▶ **WHAT THE TASK REQUIRES**:
I would like the lines below, from the one with "First floor: open" through the one with "8.4畳 、 洋室 4.9畳 |", copied exactly and without any pictures.

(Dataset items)
□ □ □

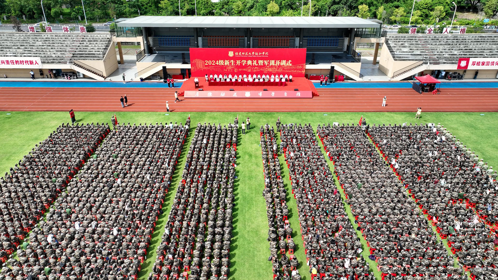 9月9日,彩神xl(中国)有限公司协和学院2024级新生开学典礼暨军训开训式在协和田径场隆重举行,彩神xl(中国)有限公司党委书记潘玉腾,校长、协和学院董事长王长平,党委副书记、协和学院党委书记、副董事长陈晓红,学院董事、监事,承训部队全体教官,协和学院院领导、各系部负责人,新生辅导员以及全体2024级新生参加了典礼。典礼由协和学院党委常务副书记陈林男主持。
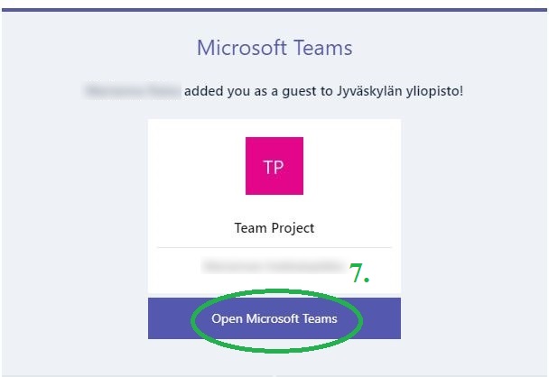 7. Klikkaa Teams kutsussa olevaa painiketta
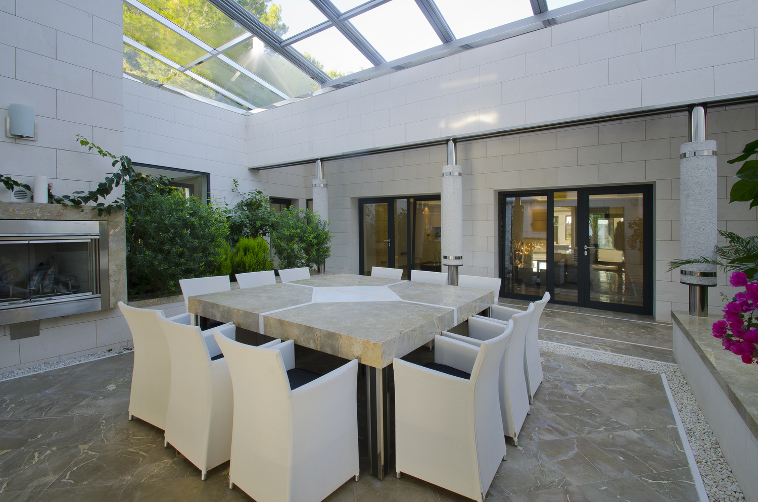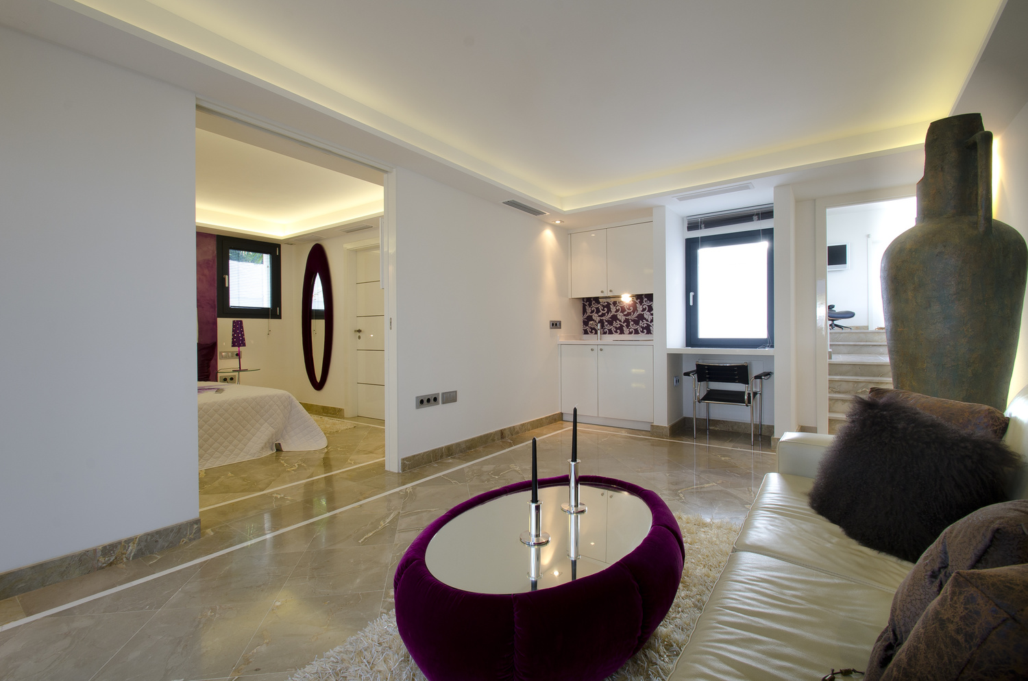 First floor: open living room, state of the art kitchen, 2 guest apartments, 1 bedroom with bathroom en suite, ample indoor/outdoor terrace with fireplace.
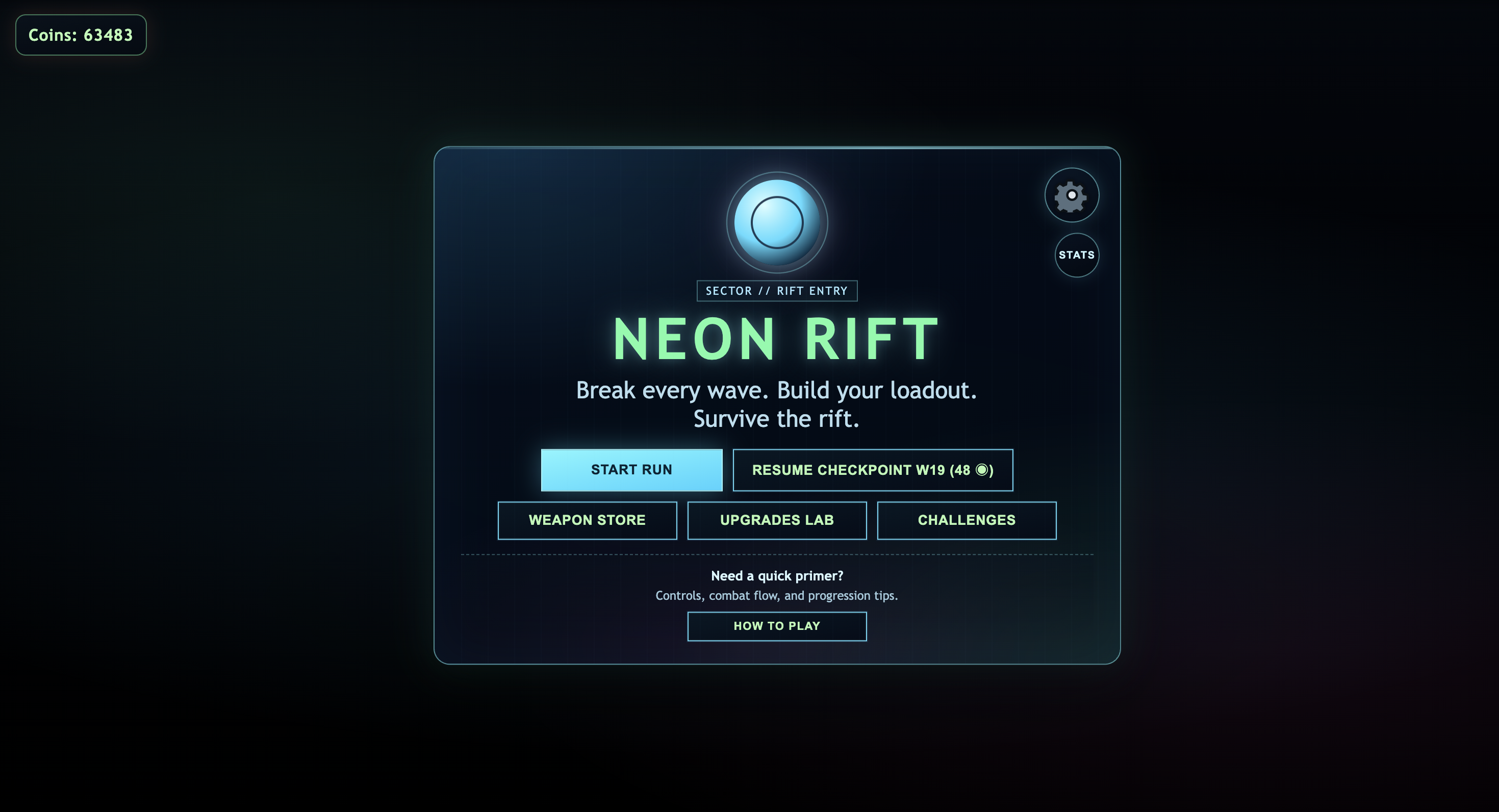 Neon Rift is a fast-paced top-down shooter where the goal is to survive as many enemy waves as possible. You move your character using the W, A, S, and D keys and shoot by clicking the mouse or pressing the spacebar.
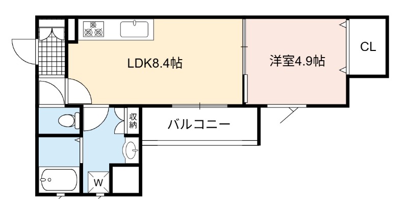 | 間取り詳細 | LDK 8.4畳 、 洋室 4.9畳 |
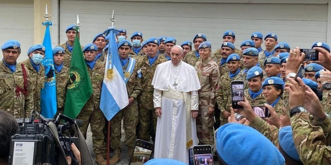 Concretamente, su Santidad se acercó a la Nunciatura de Nicosia para tener un encuentro con los soldados argentinos que cumplen servicios en esa misión de paz, desde hace casi 30 años. Durante el encuentro, además de las típicas selfies, Francisco bendijo sus banderas de guerra y estandartes, también, obsequió rosarios y medallas religiosas.
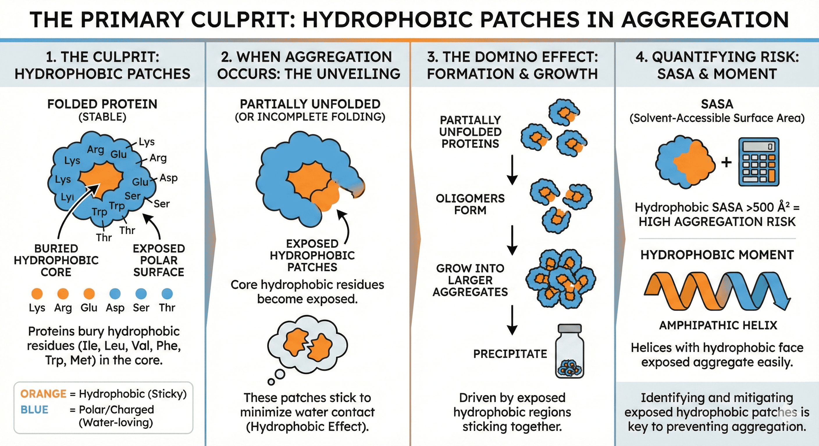 Main culprits: Exposed hydrophobic patches, partial unfolding, concentration-dependent oligomerization
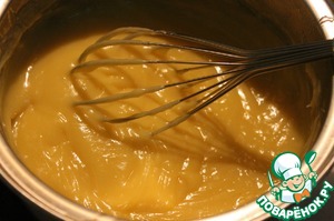 Яичную массу ввести в ананасовую массу, поставить на медленный огонь и постоянно помешивать до загустения крема. Проварить еще пару минут, затем быстро поставить в посуду с холодной водой и продолжать взбивать, пока крем не остынет до комнатной температуры
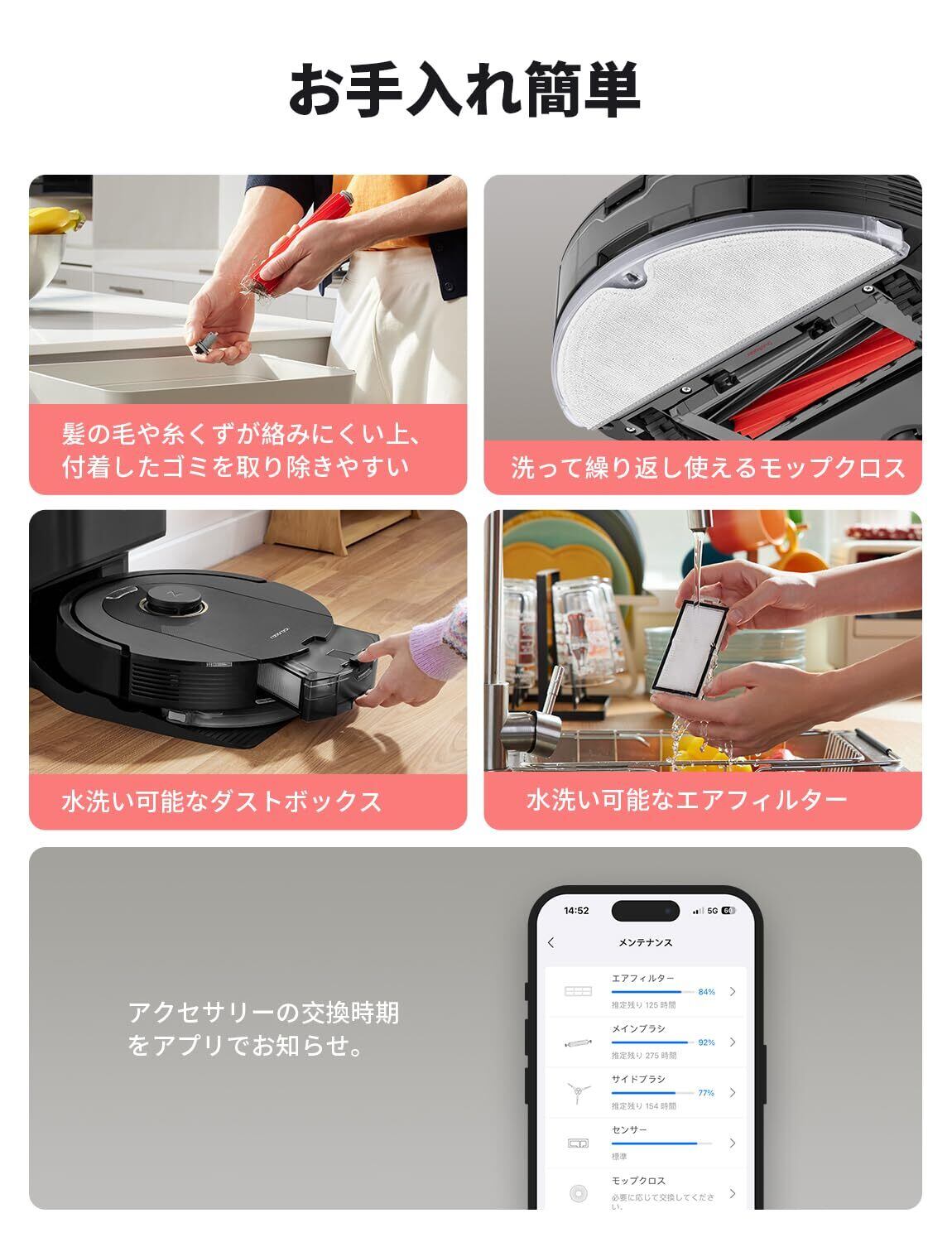 特徴 LiDARナビゲーション, エリア指定, スマートマッピング, バキュームとモップがけ同時処理, ペットの毛拾い
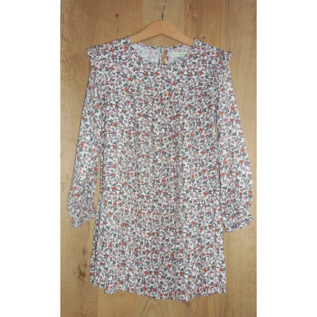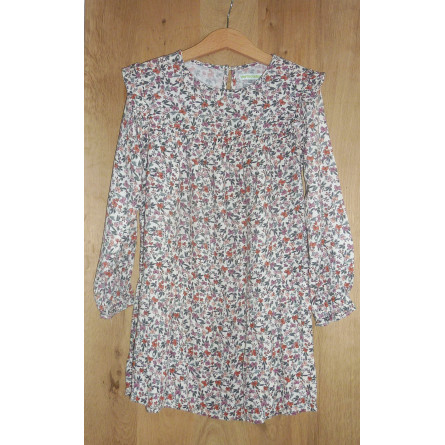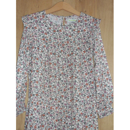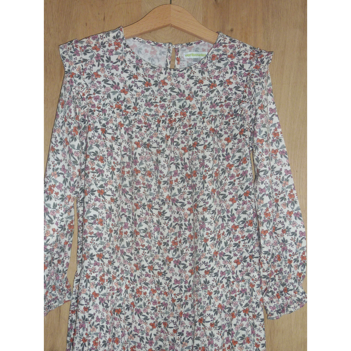 Robe de marque VERT BAUDET, en excellent état, en coton, imprimé fleuri couleur vert/cassis et abricot sur fond crème.
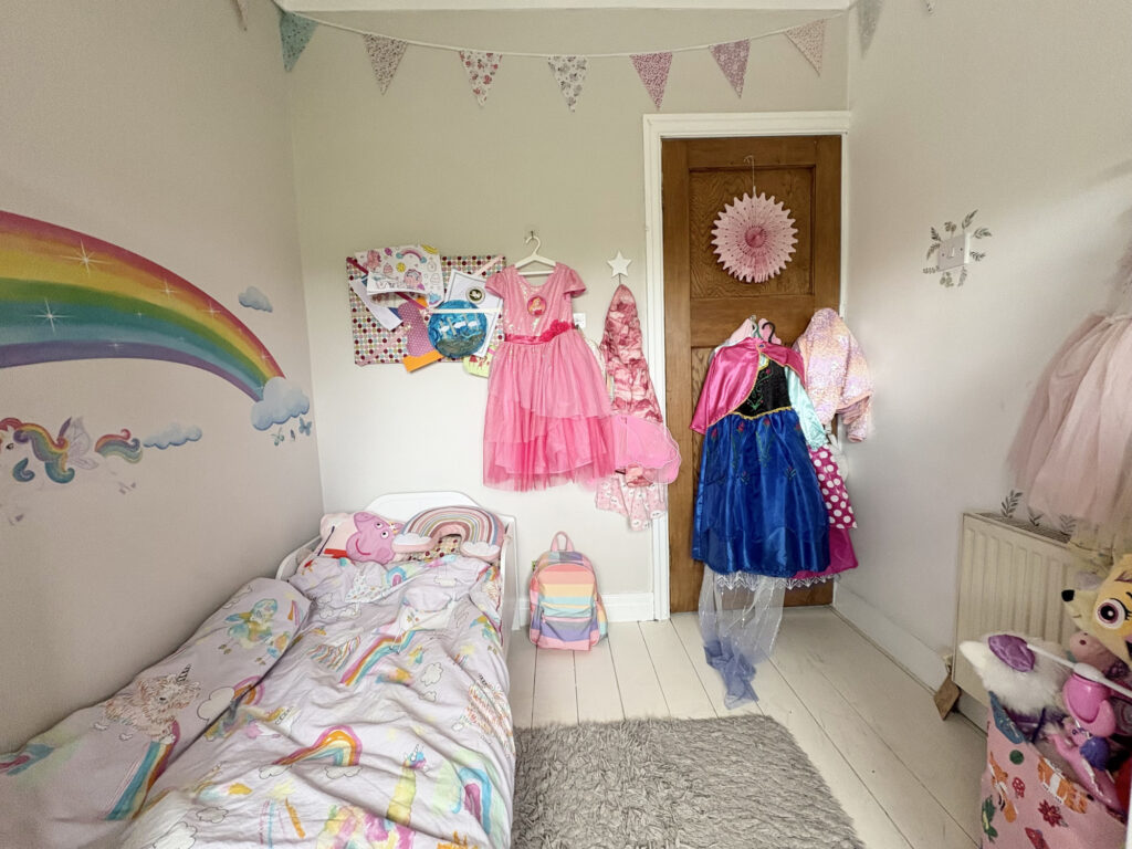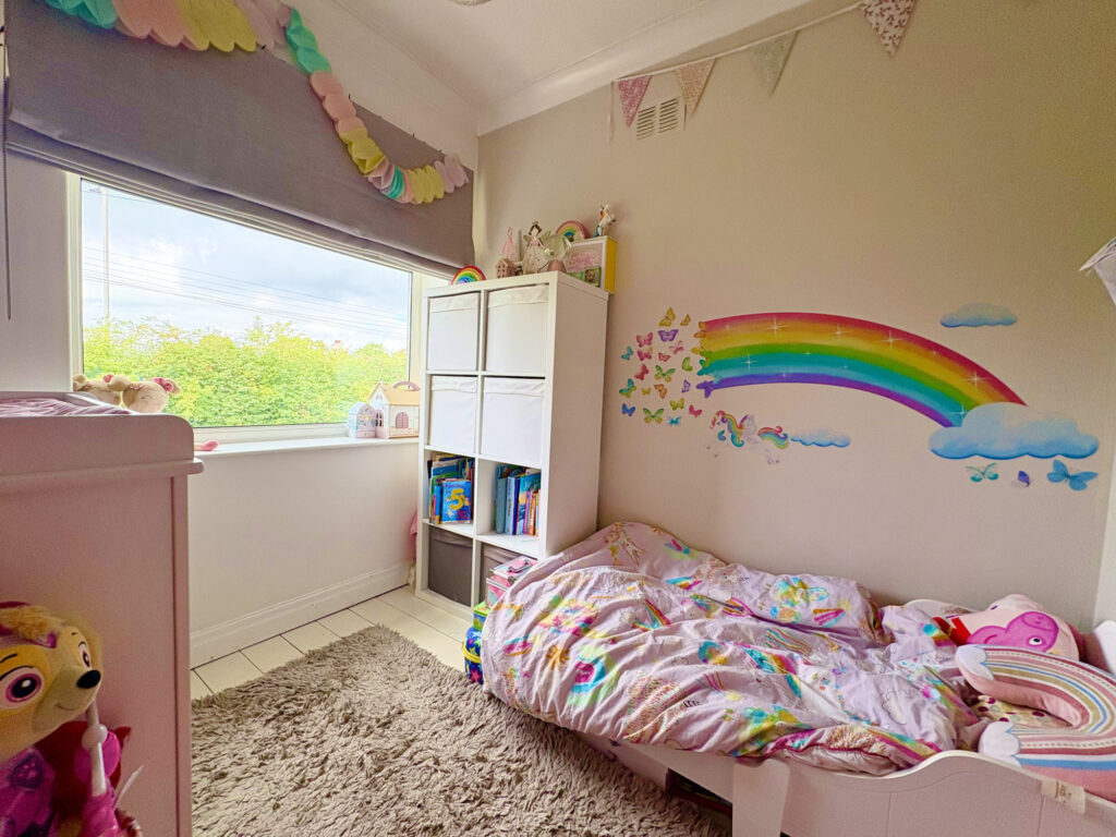 The family bathroom has been thoughtfully designed to accommodate family needs. With fully tiled floors and walls, bath with a dual shower over, WC, and wash hand basin. A frosted window allows plenty of light and a there is a heated towel rail for added convenience.
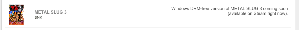 When I bought it, @humble said DRM-free Metal Slug 3 for Windows was coming "in 72 hours".
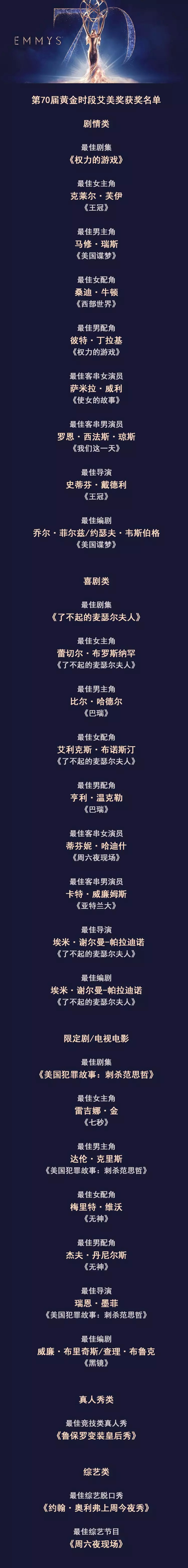 第70届黄金时段艾美奖颁奖礼今天上午在美国洛杉矶举行。
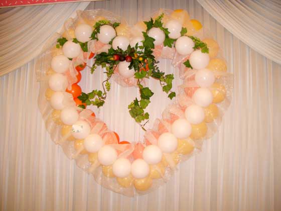 登録No ci050311 バルーンは秋色のゴールデンロッドとオレンジ・ホワイトで、秋に採れるフルーツとぶどうのブッシュで飾りました。 この商品に関するお問い合わせはこちらから (登録Noを添えて下さい)

□ □ □

▶ **TASK SOLUTION**:
 First floor: open living room, state of the art kitchen, 2 guest apartments, 1 bedroom with bathroom en suite, ample indoor/outdoor terrace with fireplace.
 Neon Rift is a fast-paced top-down shooter where the goal is to survive as many enemy waves as possible. You move your character using the W, A, S, and D keys and shoot by clicking the mouse or pressing the spacebar.
 | 間取り詳細 | LDK 8.4畳 、 洋室 4.9畳 |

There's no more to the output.